A unique research peptide, ARA-290 (cibinetide) represents a significant advancement in the field of neuropathy treatment. In Australia, this EPO-derived peptide has garnered increasing attention among medical researchers and specialists treating diabetic neuropathy and small-fiber neuropathy conditions.
While not widely known among general practitioners, ARA-290 has established a solid reputation in specialized neurology circles for its tissue-protective properties without the hematopoietic effects of traditional EPO. Australian research institutions have contributed to the global understanding of its applications, particularly in diabetic patients experiencing chronic pain.
Though still considered experimental by most Australian medical authorities, preliminary clinical evidence has positioned ARA-290 as a promising candidate for neuropathic conditions that have proven resistant to conventional therapies. Patients with severe diabetic neuropathy increasingly inquire about this peptide as an alternative approach when standard treatments fail to provide adequate relief.
- Common Name: Cibinetide
- Goal Slug: neuropathy
- Type Slug: vial-syringe
- Price (AUD): $280-350 per treatment cycle
- WADA Status: :white_check_mark: Permitted
ARA-290 operates through selective binding to the heterodimer of the innate repair receptor (IRR), composed of the EPO receptor and the β common receptor (CD131), without activating the classic EPO receptor homodimer responsible for erythropoiesis.

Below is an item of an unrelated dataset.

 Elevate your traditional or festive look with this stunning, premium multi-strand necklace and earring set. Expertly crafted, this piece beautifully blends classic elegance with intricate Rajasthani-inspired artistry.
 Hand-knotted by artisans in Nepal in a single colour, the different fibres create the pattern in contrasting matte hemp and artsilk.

This selective binding initiates anti-inflammatory and tissue-protective cascades, particularly in nerve tissues experiencing metabolic stress or damage. Think of ARA-290 as a specialized key that unlocks only the “repair door” of cells while ignoring the “blood production door” that full EPO would access.
The peptide acts like a molecular first responder that arrives at damaged nerve sites, reduces the inflammatory “fire,” and activates the cellular repair crews without calling in unnecessary reinforcements.

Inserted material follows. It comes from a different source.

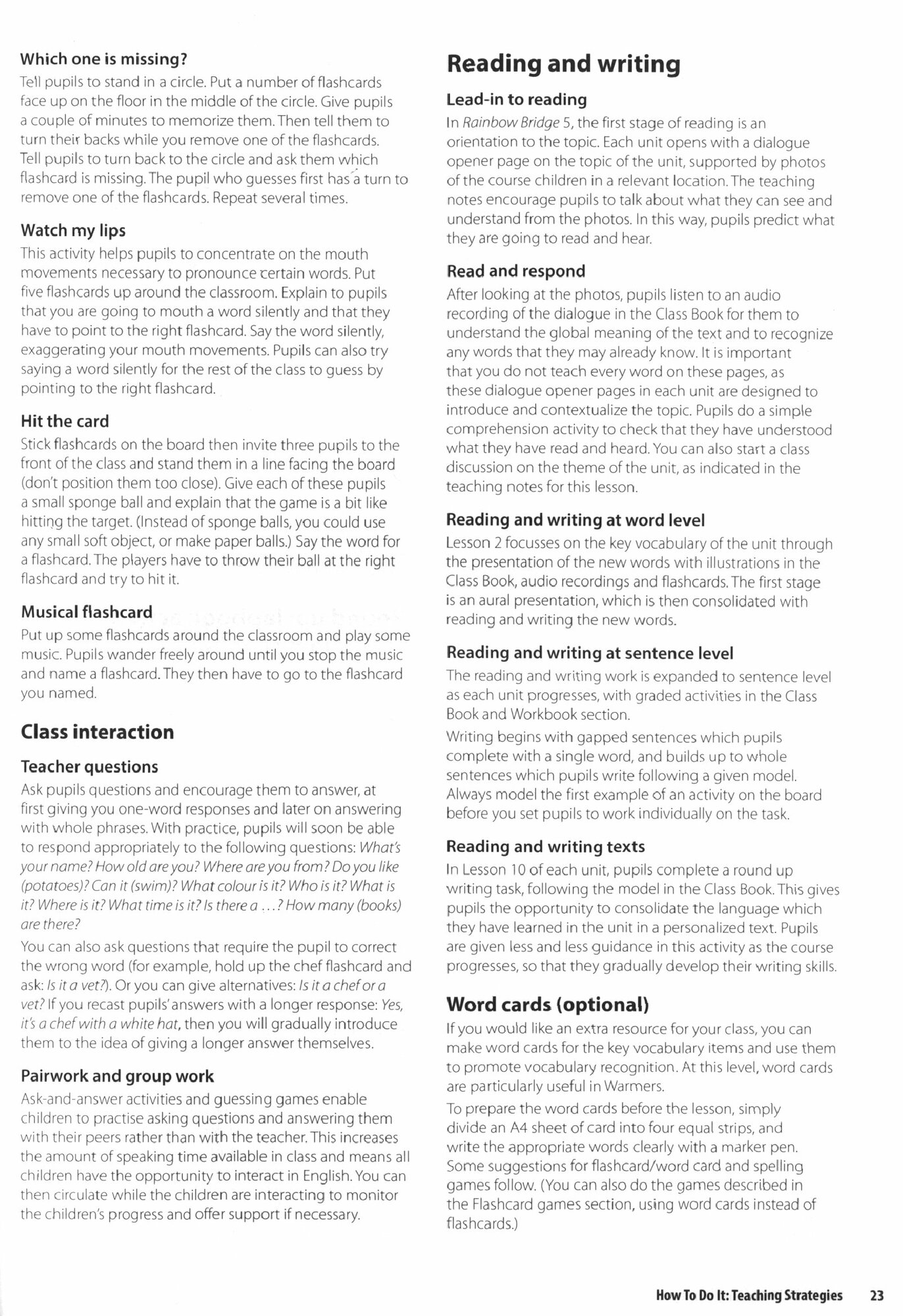 Teacher's Guide provides step-by-step guidance on all content in the Class Book, including an introductory description of methodology and concept behind the course.

Steroid Check: ARA-290 is not a steroid and does not exhibit anabolic effects typical of steroid compounds, working instead through cytokine-like signaling pathways.
The Neuropathy Repair Stack. ARA-290 forms the cornerstone of this protocol designed specifically for patients suffering from small-fiber neuropathy, diabetic neuropathy, and other nerve damage conditions.

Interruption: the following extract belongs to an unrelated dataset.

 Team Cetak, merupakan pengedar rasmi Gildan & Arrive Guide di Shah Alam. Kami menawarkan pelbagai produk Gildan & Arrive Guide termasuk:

This stack typically combines ARA-290 with complementary peptides such as BPC-157 for enhanced tissue repair and reduced inflammation, and cerebrolysin to provide neurotrophic support. Additional supplements in this stack often include Alpha Lipoic Acid (600mg daily), Acetyl-L-Carnitine (1000mg daily), and high-dose B vitamins, particularly B1 (thiamine) and B12 (methylcobalamin).
The protocol aims to address neuropathic pain while simultaneously promoting nerve regeneration and improving overall nerve function.
In Australia, ARA-290 occupies a complex regulatory position. As a research peptide, it falls under TGA Schedule 4, requiring prescription by a registered physician.
Medical compounding pharmacies may legally produce ARA-290 for individual patients with specific prescriptions, though availability remains limited to specialized compounders familiar with peptide formulation. The grey market for ARA-290 exists but presents significant risks, as unregulated sources often lack proper quality control and may contain harmful contaminants or incorrect peptide sequences.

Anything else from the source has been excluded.